Relief washed over the Munich courtroom as John Demjanjuk was pronounced guilty of war crimes.
But among Jewish observers there were mixed feelings about his release from Stadelheim prison, pending appeal.
While co-plaintiffs said they respected the court's decision to temporarily free Demjanjuk, prosecutors challenged the decision - and the sentence itself.
The reason for the appeal will not be known until the court releases it in writing - and that could take months.
After more than three decades in various courtrooms, the 91-year-old Ukrainian was convicted - largely on the strength of an SS ID card - of complicity in at least 27,900 murders at the Sobibor death camp in Poland.
"For the last days of his life he is confirmed as a perpetrator," said Stephan Kramer, general secretary of the Central Council of Jews in Germany.
He described the ruling as "a very important step in the direction of justice, after more than 65 years of injustice".
In fact, the case represents a new approach to prosecution of Nazi-era war criminals, Nazi-hunter Efraim Zuroff said, adding that until a few years ago, German courts prosecuted virtually only German-born defendants.
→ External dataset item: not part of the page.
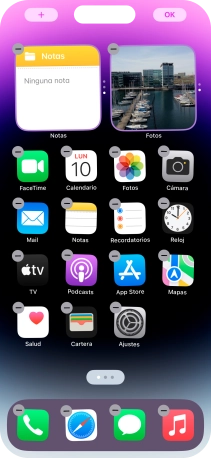 Pulsa en los campos bajo las páginas deseadas de la pantalla de inicio para activar o desactivar la visualización de páginas.
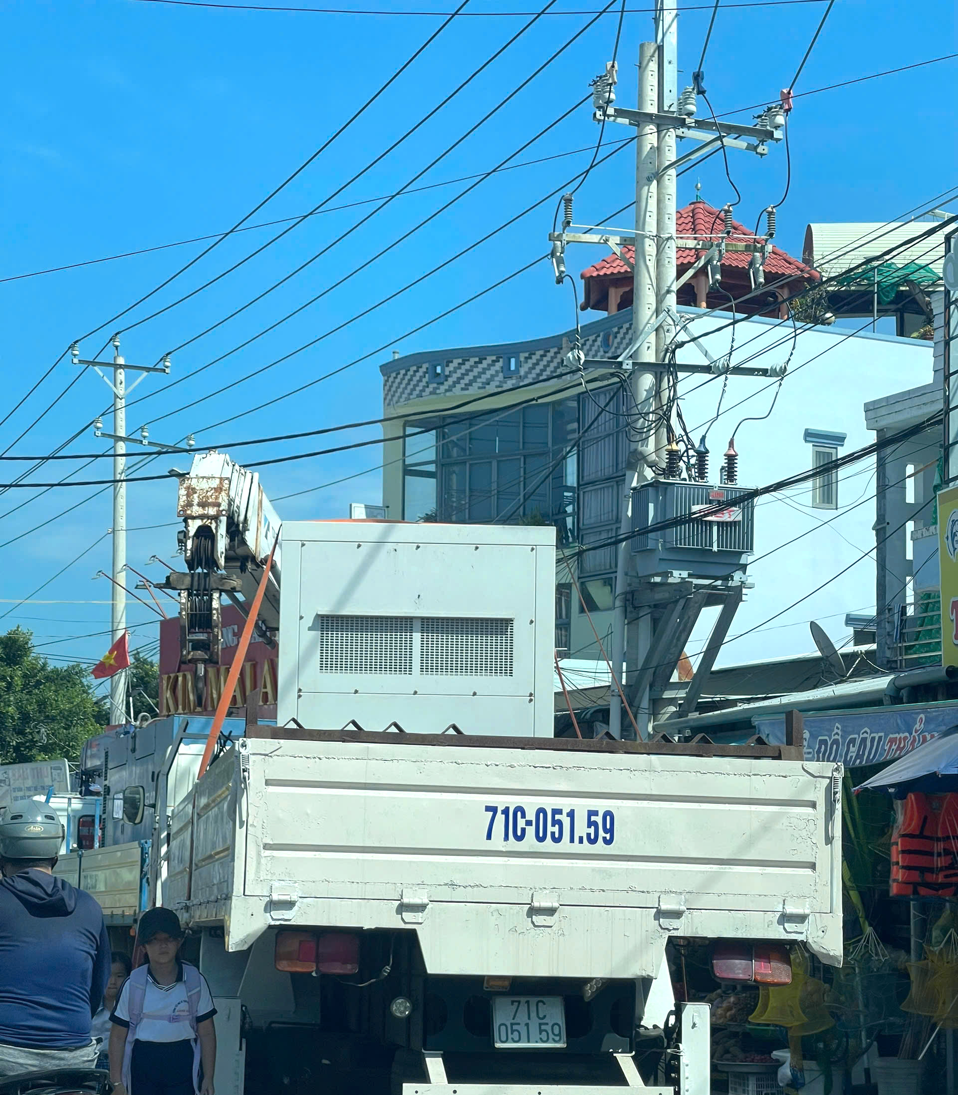 Máy phát điện công suất lớn được sử dụng để cấp điện sinh hoạt cho người dân tại các khu vực bị mất điện ở Phú Quốc

The trial involved 93 court dates over one and a half years. It drew the world's attention again to the horrors of the so-called "Final Solution", as historians, relatives of Sobibor victims and two of the few survivors provided riveting, and at times highly emotional testimonies.
Demjanjuk's chief attorney, Ulrich Busch, insisted throughout that his client - usually present in the courtroom on a hospital bed - was as much a victim of Nazi Germany as the Jews were.
The claim drew reactions of disgust from co-plaintiffs, lawyers and judges alike.